The Savory Collection, Vol. 2 -Jumpin' at the Woodside: The Count Basie Orchestra (feat. Lester Young) is taken from eleven different broadcasts but all feature Basie, Young and a number of other players. The Savory Collection, Vol. 3 -Honeysuckle Rose: Fats Waller & Friends, similar to Vol. 1, is a collection of seven different acts with The John Kirby Sextet featured on ten of the twenty-one tracks. Though Kirby is not well-remembered today, his bands attracted top artists such as Dizzy Gillespie, Benny Carter and Ben Webster. Carter has his own piece on Vol. 3 along with Albert Ammons and Roy Eldridge.

The significance of the entire Savory series cannot be under-estimated. These are rare glimpses of jazz history, preserved and mastered to present an optimum listening experience. The level of clarity achieved in many of these eighty-year old recordings is remarkable.

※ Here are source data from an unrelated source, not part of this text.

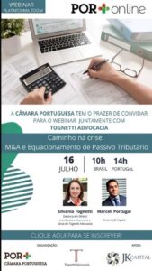 economia está se reorganizando e há muitas oportunidades de compra ou fusão entre empresas. Para analisar o cenário e as oportunidades de negócios, a Tognetti Advocacia realizará um webinar sobre operações de M&A e como equacionar o passivo tributário. Silvania Tognetti, doutora em direito econômico e sócia do Tognetti Advocacia recebe Marcell Portugal, sócio da JK Capital, hoje, 16 de julho, às 10h (horário de Brasília) e 14h (horário de Portugal). É necessário fazer a inscrição para ter acesso à plataforma de transmissão da Câmara Portuguesa de Comércio de S.Paulo, organizadora do evento: https://camaraportuguesa.com.br/conteudo.asp?pag=evento_socio&id_evento=19338
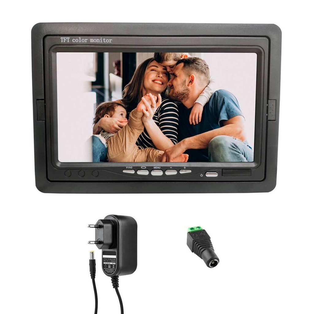 KIT 1 Tela Monitor 7 polegadas LCD Colorido 2 entradas de vídeo (2 AV-in) + Fonte e Conector
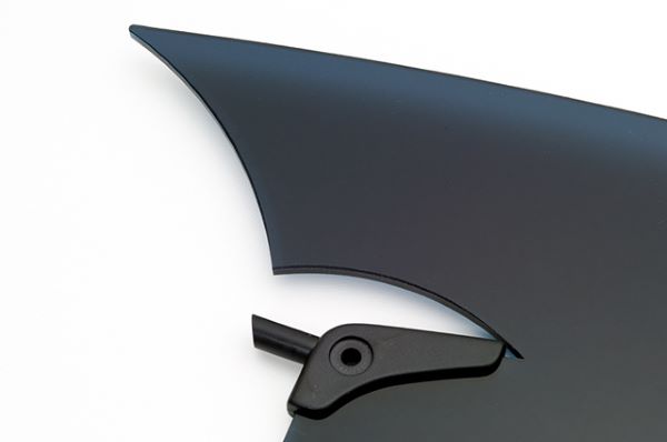 純正ロールバー形状に合わせたスモークリアディフレクター。特徴的なデビルデザインは注目度が高いだけでなく、夜間走行中の後方車両ヘッドライト光を防眩できる形状設計。
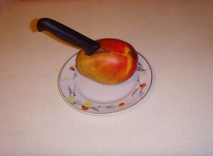 Приступим… Нужно помыть плоды манго и нарезать их кусочками.
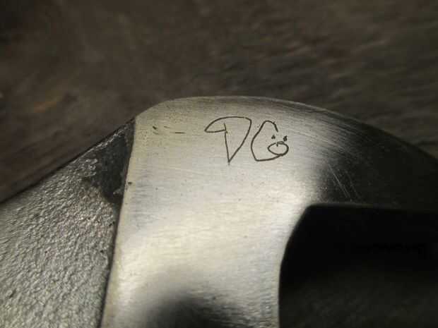 Si quieres un grabado realmente genial como mi logo, mira en conseguir una plantilla hecha. Es mi plantilla y la etch/marca resultante de un proyecto desechado de cuchillo.

Personnel: (Tracks 1-3) Coleman Hawkins: tenor saxophone; Thelma Carpenter: vocals; (probable personnel): Tommy Stevenson, Joe Guy, Tommy Lindsay, Nelson Bryant: trumpets; William Cato, Claude Jones, Sandy Williams: trombones; Eustis Moore, Jackie Fields: alto saxophone; Ernie Powell, Kermit Scott: tenor saxophone; Gene Rodgers: piano; Gene Fields: guitar; Billy Taylor: bass; C. Heard: drums. (Tracks 4-5) Ella Fitzgerald: vocals; Chick Webb: drums; unknown personnel from CBS Studio Orchestra. (Tracks 6-11) Herman Autrey: trumpet; Gene Sedric: clarinet, tenor saxophone; Fats Waller: piano, vocals; Al Casey: guitar; Cedric Wallace: bass; Slick Jones: drums. (Tracks 12-16) Charlie Shavers: trumpet; Vernon Brown: trombone; Dave Matthews: alto saxophone; Herschel Evans: tenor saxophone; Howard Smith: piano; Milt Hinton: bass; Cozy Cole: drums; Lionel Hampton: vibes, piano, vocals. (Tracks 17) Carl Kress, Dick McDonough: guitars. (Track 18) Ernie Caceres: clarinet, baritone saxophone; Johnny Gomez: guitar; Emilio Caceres: violin.

Tracks: Body and Soul; Basin Street Blues; Lazy Butterfly (Theme); A-Tisket, A-Tasket; I've Been Saving Myself for You; Yacht Club Swing/ Hold My Hand (Medley); I Haven't Changed A Thing; Summer Souvenirs / Who Blew Out The Flame (Medley); You Must Have Been A Beautiful Baby/ Sixty Seconds Got Together/ I've Got A Pocketful of Dreams (Medley); Alligator Crawl; Spider and The Fly; Dinah; Blues; Chinatown, My Chinatown; Stardust; Rosetta; Heat Wave, China Boy.